SleepingStandingUp · 14/04/2022 15:13

It amazes me that we can form humans two weird tiny things - millions of little cells that get hormone treatment and grow into sperm on a kind of use and replace system, and eggs which you're born with - I formed in my Mom's stomach with the eggs that became my children. And from that we form complete generally similar humans. We share so much DNA with other species but you never get anything but a human out. And the incidence of serious genetic glitches is staggeringly low considering the complexity.

DS has a third extra chromosome in to different chromosomes but only in some cells. So when people say all cells are genetically identical, he's not. I wonder who he'd be if all his cells had only the only copies. I doubt he'd have survived if they'd all been wonky in these two places. And then twins born of the same parents who are so totally different to him, and who have (AFAIK) typical chromosomes but when their egg first split it went all the way and made two babies.

Like that's just crazy.
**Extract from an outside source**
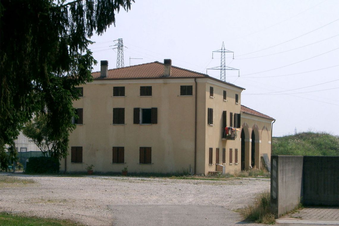 Piccolo complesso rurale composto dal corpo abitativo e da due edifici rustici ad esso addossati: sul fianco ovest, una barchessa con alto portico di tre arcate su pilastri (con ghiera in mattoni e conci d'imposta ed in chiave d'arco lapidei); sul fronte nord, un portico aggettante con copertura ad una falda su colonne in mattoni. Attualmente il complesso risulta inglobato nella recente zona artigianale.Specifiche:

How the hell did we ever evolve a planet full of so many complete organisms??

MardyOldGoth · 14/04/2022 15:14

How do I know if other people see colours the same as I do? We both know it as blue but for all I know they could be seeing it as what I call red. And down the rabbit hole I go!

SleepingStandingUp · 14/04/2022 15:16

Ooh cross posted on egg @ElegantlyTouched. Also that your DNA in your Mitochondria is passed down from your Mom. It's exclusively Mom, and you'll pass it to your daughter. But mine dead ends cos I have boys. Thankfully mi sisters both have daughters so our Mom's Mitochondrial DNA is secure for at least one more generstion

veevee04 · 14/04/2022 15:16

Why on earth did we invent a weapon that could wipe out the whole earth ?

Chakraleaf · 14/04/2022 15:17

@forlornlorna

A realisation really hit me this year. I have a life limiting illness that is progressing faster than expected. It's the realisation that I won't be able to end my life in the final months even though I'll be in pain, unable to swallow or ...well anything really. And that people will do everything possible to keep me alive when I'm dying. Like why? Why do we let humans die long drawn out inevitable deaths but we allow animals to be put to sleep if they are suffering.